Хранящийся в нашем семейном архиве документ подтверждает, что наш патриарх был членом тайного ордена, корни которого теряются в глубокой древности, а зовется он то «Ши-Киай» — «Разрешение телом», то «Кьё-Киай» — «Разрешение мечом».
В документе говорится также о вещах, которые для вас, дорогой капеллан, прозвучат, по всей вероятности, дико, дело в том, что орденские братья посвящались в сокровенное искусство возрождения в духе, эта своего рода духовная трансформация плоти ограничивалась при жизни пальцами и кистями рук, полная метаморфоза наступала только после смерти: тела усопших адептов либо начисто исчезали из гроба, либо после погребения превращались в мечи.
Не бросается ли в глаза вашему преподобию разительное сходство подобной трансмутации с чудом Христова Воскресения? Особенно если сравнить загадочные жесты, запечатленные живописью Средневековья, с овеянным дыханием веков, традиционным азиатским каноном изображения святых.

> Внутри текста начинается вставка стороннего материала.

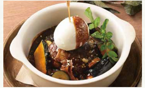
国産牛100%の 煮込みハンバーグ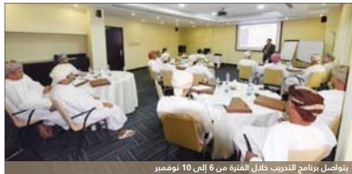
يتواصل برنامج التدريب خلال الفترة من 6 إلى 10 نوفمبر

المشروع وتقليل نسبة الأخطاء التي قد تحدث أثناء إدارة وتخطيط المشروع، ويهدف البرنامج إلى تدريب الموظفين على مهارات ومعايير إدارة المشاريع الاحترافية (PMP) للوظائف الإدارية والتخصصية خلال الفترة من 6 وحتى 10 نوفمبر الجاري، وذلك في إطار سعي الهيئة لتطوير مهارات موظفيها وجعلها منتمية في تنمية قدراتهم في إدارة المشاريع وخبراتها ولدى فهم أهداف الهيئة المستقبلية. ويأتي ذلك ضمن البرامج التدريبية المعدة مسبقاً لهذا الغرض حيث إن برامج إدارة المشاريع ومعايير المشروع ناجح ومعتبر أصبحت مطلباً مهماً لتحقيق أهداف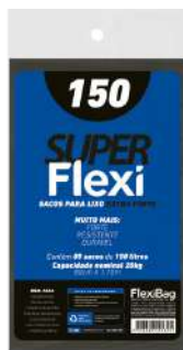
360 SUPER LIXO 150 LTS C/5 FD/20 7896492402384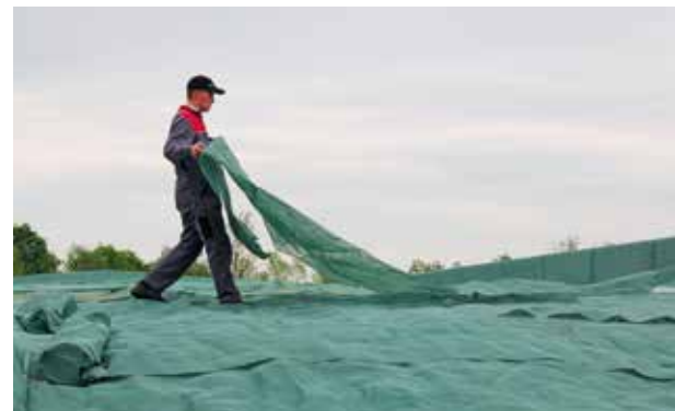
Krok 3: Po naskladnění a udusání siláže jsou silážní plachty přetáhnuty pře okraje do středu silážního žlabu.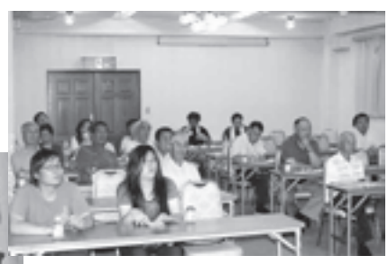
▲7月23日(金)の勉強会の様子

示すイベントを開催する予定です。今年度は、まち中見所のほか会員店のお宝などを掲載した「まちの散策マップ」の完成を目標に、現在も奮闘中です。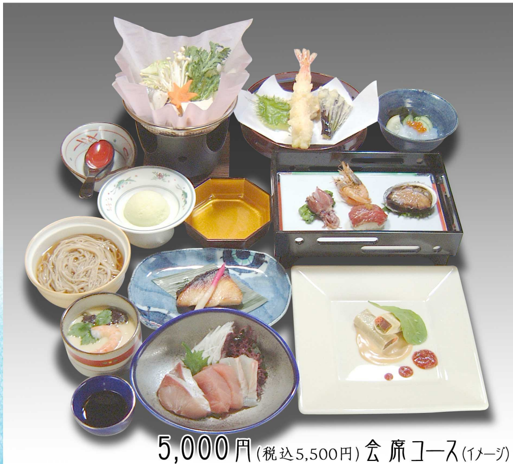
5,000円(税込5,500円) 会席コース(イメージ)

四季折々、旬の素材満載の会席料理をご用意いたしております ご予算に応じていかようにもご用意させていただきます お人数(20名様位迄)お料理の内容など何なりとご相談下さいませ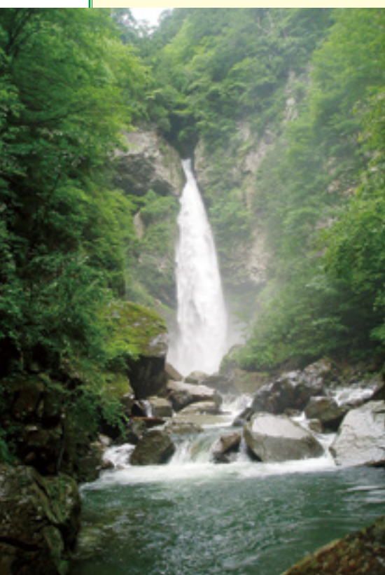
日本の滝100選「根尾の滝」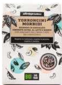
TORRONCINI RICOPERTI BIO - 180 GR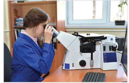
Рис. 14 — Анализ структуры металла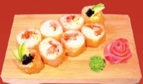
Хотатегай Маки 250.- Обжаренный ролл с морским гребешком, креветками, сыром Филадельфия и икрой летучей рыбы

Я слышал, как капеллан вскочил, нервно прошелся из угла в угол, остановился и заговорил хриплым от волнения голосом:
— Извините, господин барон, но все сказанное вами слишком сильно отдает франкмасонством, чтобы я, католический священнослужитель, мог вот так, безоговорочно, разделить вашу точку зрения. Ибо для меня франкмасонство и все, что с ним связано, и есть тот самый мертвящий северный ветер, о котором вы говорили. Я очень хорошо знаю — да мы с вами и не раз беседовали на эту тему, — что все известные средневековые художники были объединены в одно большое братство, именуемое цехом, члены которого для связи со своими далекими иноземными собратьями разработали целую систему особых паролей, выражавшихся, как правило, в сложении пальцев, мимике и позах персонажей, в их жестах, всегда несколько странных и неестественных, впрочем, это могло быть и причудливой формы облачко, неприметно плывущее где-нибудь в уголке, на заднем плане, или определенное сочетание красок, фактура мазка... Воистину, полотна кисти многих великих мастеров представляют собой настоящие шифрованные послания,
из коих человек, посвященный в это фантастическое арго, способен почерпнуть для себя немало важного. Духовенство, заказывая художникам образа святых, нередко брало с них торжественные обеты не вводить в священные канонические сюжеты своей тайной символики, однако этим пройдохам всегда удавалось обойти любые, самые хитроумные препоны цензуры. И нас же, честных священнослужителей, еще корят за нашу твердую убежденность в том, что искусство от дьявола! Но разве мы проповедуем это во всеуслышание? Да хоть бы и так, как будто каждому правоверному католику непонятно, о чем идет речь! А кто поручится, что те корпоративные тайны, кои в течение нескольких веков хранят люди искусства, не будут когда-нибудь употреблены во вред Матери-Церкви? Я ведь собственными глазами читал письмо одного великого живописца, в котором он открыто признавался своему испанскому другу в существовании тайного братства.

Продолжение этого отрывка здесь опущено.